TASK TO CARRY OUT
Your job is to give again, exactly and with no additions, the lines in the records below from the one with "En el caso del" through the one with "Wieszak wyposażony jest", both included. Omit the pictures.

Excerpts from a dataset:

------------------------------------------------------------------------

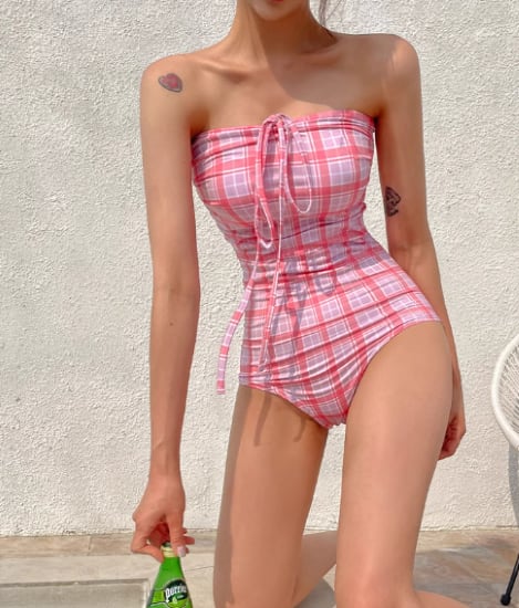 ワンピース水着 レディース 水着 スイムウェア ビーチウェア チェック柄 ホルターネック 格子柄 体型カバー カジュアル セクシー 可愛い おしゃれ 海 夏 ビーチ プール 海水浴 バカンス 女性
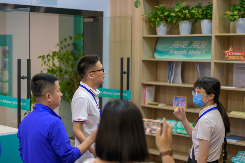 周妙荣一行实地踏看场馆设施、流线设计、比赛现场和志愿者换岗休整空间,了解志愿者团队和志愿者培训、配岗、上岗、换岗休整等情况,在具体服务点位、换岗休整空间与志愿者进行深入交流并送上暖心指导慰问。座谈会上,周妙荣感谢学校、场馆对赛事志愿服务工作的重视并为志愿者提供详实的系统培训和充足的保障激励,对校地合作、馆校对接、赛事志愿服务、党建团建联建、主题教育联学等工作和“小青荷”志愿者的表现给予充分肯定并提出具体指导要求,勉励永利“小青荷”志愿者团结奋斗、再接再厉,为本次赛事和后续场馆亚运会、亚残运会3个项目的成功举办贡献青春力量!
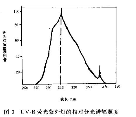 3. 1. 3 除非另有规定,荧光紫外灯的波长为280~315 nm , 即UV-B 波民范围,相对分光辐照度的特件(见图3) 。
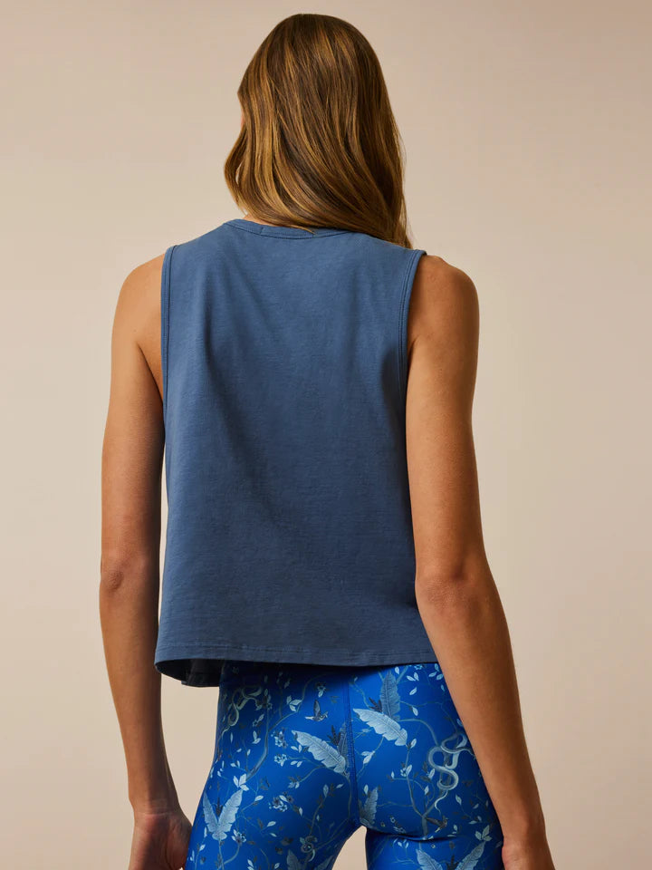 The Sleeveless Sloane Top is made with pima cotton to deliver a buttery soft active tee with moisture-wicking properties. Loose on the body and with a cropped look that sits just above the waistline, pair this top with your favorite sports bra and leggings for the ultimate active set.
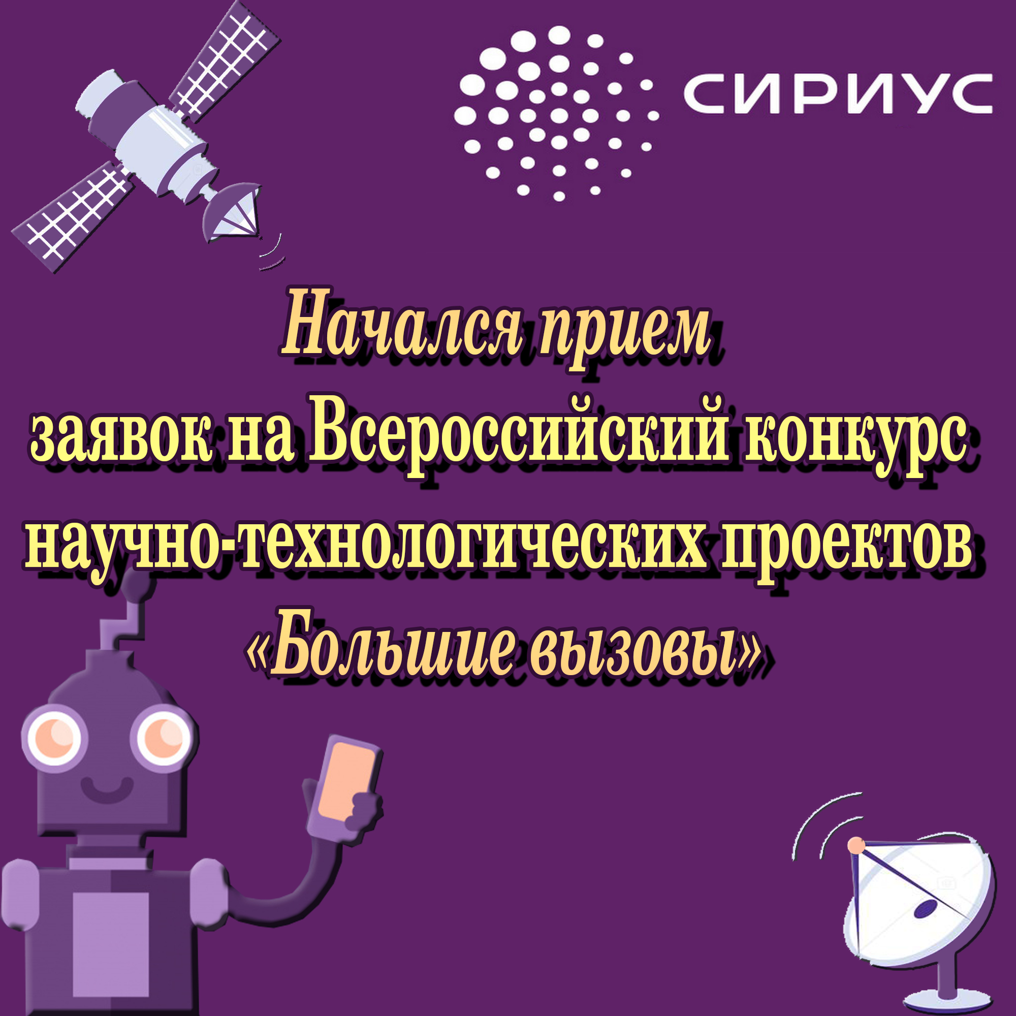 Всероссийский конкурс научно-технологических проектов «Большие вызовы» — это масштабное мероприятие для школьников, занимающихся научной или исследовательской деятельностью. В этом году конкурс, который организован Образовательным центром «Сириус» для школьников 7–11 классов, проявляющих интерес к научно-исследовательской деятельности и техническому творчеству, проводится уже в пятый раз. По традиции победители и призеры конкурса примут участие в научно-технологической программе «Большие вызовы», которая пройдет в Центре в июле 2020 года подробнее по ссылке
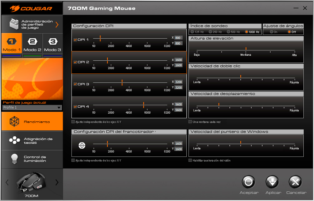 En el caso del Mouse Cougar 700M vemos que es muy similar, primero tenemos la pestaña de rendimiento donde podemos regular los DPI para cada modo, los DPI del botón “Franco Tirador”, velocidad de respuesta, doble click, desplazamiento y la velocidad del puntero.
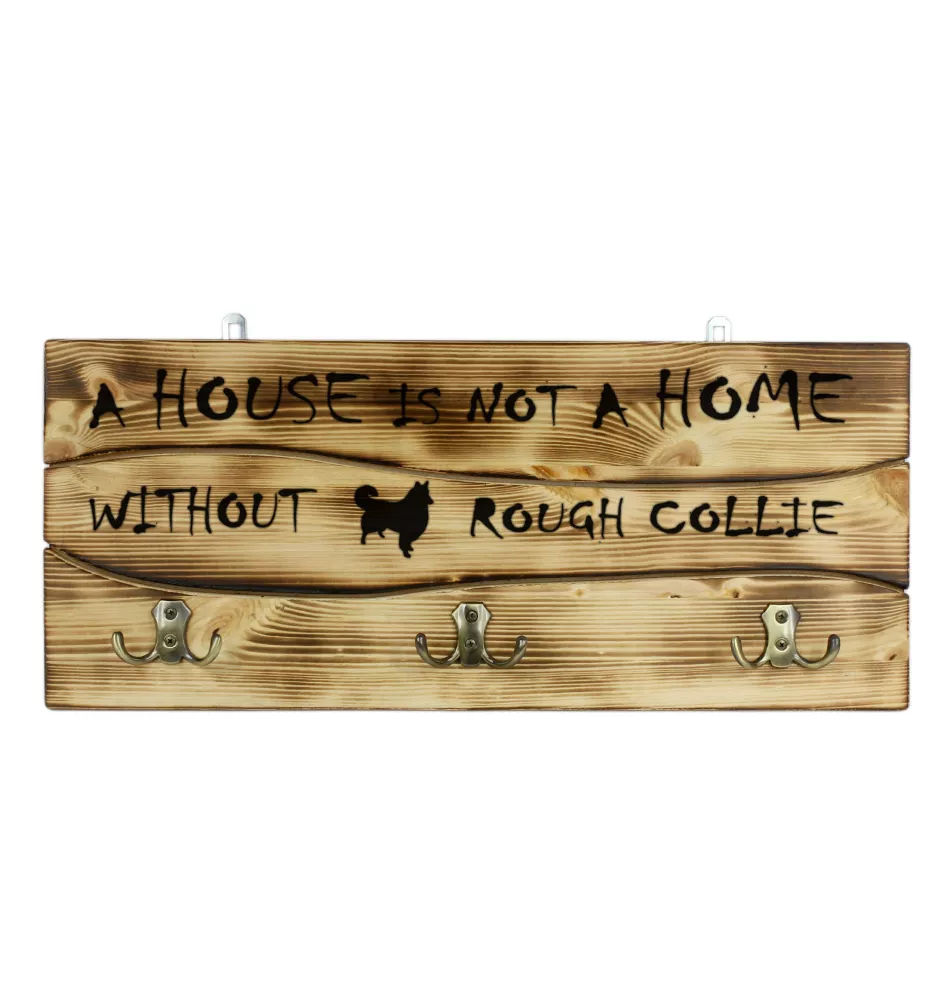 Wieszak wyposażony jest w sześć solidnych haczyków, idealnych do zawieszenia kurtek, a także do eksponowania medali z wystaw psów lub jako praktyczny wieszak na psie akcesoria, takie jak smycze. Jego unikalny wygląd uzupełnia namalowany napis "A house is not a home without ..." z sylwetką psa i nazwą rasy, co czyni go wyjątkowym dodatkiem dla każdego miłośnika czworonogów. W ofercie mamy wieszaki z blisko 200 różnymi rasami psów.
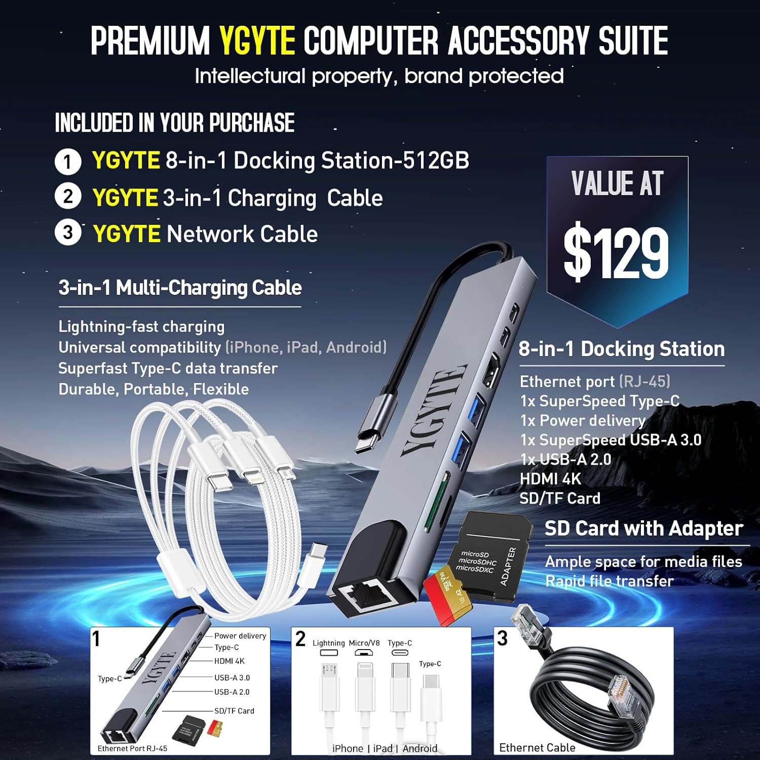 LIMITLESS PRODUCTIVITY – With a long battery time and Lifetime Office included, Windows 11 Pro laptop help you simplify your workday and improve productivity. Blaze through your to-do list with AI-powered multitasking to tackle demanding workloads 42% faster. The windows pro laptop computer features SuperSpeed USB-C, 2x USB-A, Wi-Fi 5 + Bluetooth 5, and a premium accessory suite (8-in-1 512GB docking station with SD card reader & RJ-45 ethernet port, 3-in-1 charging cable, Ethernet cable)

------------------------------------------------------------------------

RESULT OF THE TASK
 En el caso del Mouse Cougar 700M vemos que es muy similar, primero tenemos la pestaña de rendimiento donde podemos regular los DPI para cada modo, los DPI del botón “Franco Tirador”, velocidad de respuesta, doble click, desplazamiento y la velocidad del puntero.
 Wieszak wyposażony jest w sześć solidnych haczyków, idealnych do zawieszenia kurtek, a także do eksponowania medali z wystaw psów lub jako praktyczny wieszak na psie akcesoria, takie jak smycze. Jego unikalny wygląd uzupełnia namalowany napis "A house is not a home without ..." z sylwetką psa i nazwą rasy, co czyni go wyjątkowym dodatkiem dla każdego miłośnika czworonogów. W ofercie mamy wieszaki z blisko 200 różnymi rasami psów.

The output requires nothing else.